Photographie de Auriane Poussou réalisée avec un Lumix Panasonic DMC-FZ28
Venise, quartier Castello

La photographie est prise depuis un pont à l’embranchement d’une ruelle et d’un canal, ce qui permet d’avoir en parallèle deux points de fuite différents, séparés par une maison dont l’angle centré divise l’image en deux.
A gauche une « calle » où nous voyons un magasin de souvenirs avec des étalages de cartes postales. Les personnes qui déambulent dans les ruelles sont en grande partie des touristes, c’est le cas des deux personnes au premier plan.
A droite un « rio » où du linge sèche aux fenêtres. Les immeubles semblent être des appartements ou des maisons particulières (et non des hôtels). Les portes donnent directement sur le canal se qui témoigne du mode de vie vénitien dans sa contrainte de l’eau qui lui donne son originalité.
La maison en premier plan est de type traditionnel vénitien, en brique avec des détails recherchés comme cette fenêtre d’inspiration antique style temple avec un fronton et des colonnettes en marbre. Les jardinières suspendues apportent de la verdure.
Le reflet dans le canal donne à la maison de l’arrière-plan un reflet presque symétrique.

Cette photo révèle deux réalités de Venise. La première est la Venise touristique illustrée par la « calle », celle qui vit de sa façade pittoresque et romantique, du poids de son histoire, de ses trésors artistiques. Venise est menacée par son succès. Faisant rêver le monde entier, la ville est depuis longtemps considérée comme incontournable et l’expansion du tourisme fait considérablement augmenter son nombre de visiteurs. On parle de tourisme de masse (23 millions de touristes en 2011) mais la réputation et le succès de la ville des Doges ne contribue pas forcément à sa prospérité et sa sauvegarde. Si le tourisme est sa principale activité économique, c’est aussi la principale menace de son écosystème et de son patrimoine. Les bateaux de croisière qui déversent des milliers de touristes chaque mois endommagent les fonds de la Lagune et le système de pilotis sur lequel repose la ville sans vraiment rapporter à la ville car ces visiteurs ne sont que de passages, ils ne résident pas en hôtel, profitent de l’atmosphère vénitienne une journée mais prennent rarement le temps de courir les musées.
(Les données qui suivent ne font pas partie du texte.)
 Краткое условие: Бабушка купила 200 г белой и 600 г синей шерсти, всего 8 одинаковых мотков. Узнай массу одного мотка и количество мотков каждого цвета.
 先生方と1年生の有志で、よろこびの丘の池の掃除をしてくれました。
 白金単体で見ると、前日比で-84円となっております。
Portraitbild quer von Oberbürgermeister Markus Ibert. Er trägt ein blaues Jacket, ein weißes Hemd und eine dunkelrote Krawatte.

La seconde est la Venise des Vénitiens, celle de l’envers du décor dont certains touristes recherchent l’authenticité, comme cet homme qui se penche vers le rio. Elle est encore plus fragile, la ville n’est pas économiquement dynamique en dehors du tourisme et elle est désindustrialisée. Vivre à Venise est un vrai défi, la multiplication des aqua alta et l’invasion touristique font fuir un nombre croissant de Vénitiens. La ville est donc en déclin démographique, sur ses 50000 résidents, elle en perd mille par an. Le colossal système Moïse sauverait Venise des eaux et simplifierait la vie des Vénitiens mais ne retiendra pas le flot de Vénitiens qui fuit le navire.
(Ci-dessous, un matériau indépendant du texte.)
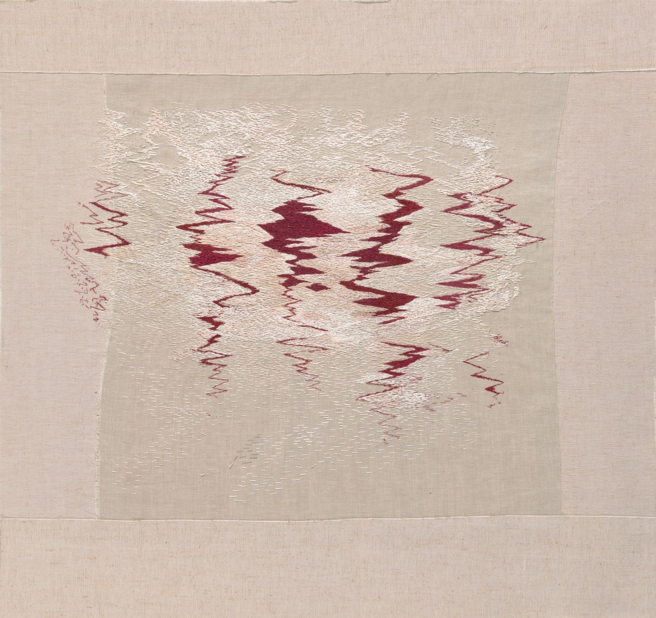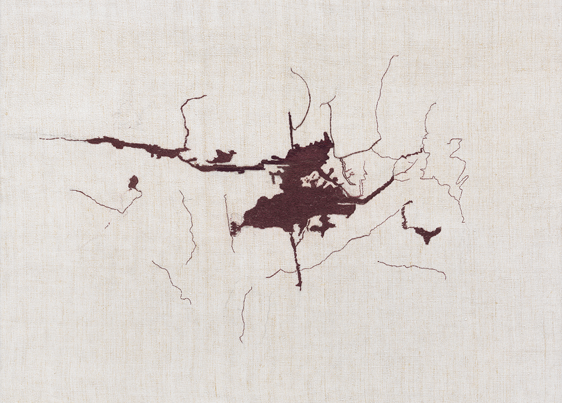 62 x 74cm, silk on found French linen, 2025 work in progress

Venise est une ville aux multiples visages, ce qui renforce son charme et en fait un objet d’étude intéressant. Elle a une urbanisation hors du commun.
La photo illustre un sentiment qui m’a frappé durant ce voyage, celui d’une Venise sans Vénitiens. C’est une ville que l’on découvre sans approcher sa population, ce que je trouve dommage. Seules ses petites ruelles et ses canaux révèlent la vie authentique vénitienne. Je vois le linge qui pend aux fenêtres comme preuve que la ville n’est pas qu’un décor. C’est pour cela que j’ai préféré cet aspect aux grandes places attrapes-touristes. La calle mis en parallèle avec le rio montre le fragile équilibre vénitien, l’eau à la fois source de vie et danger de mort pour la mythique cité de la Lagune.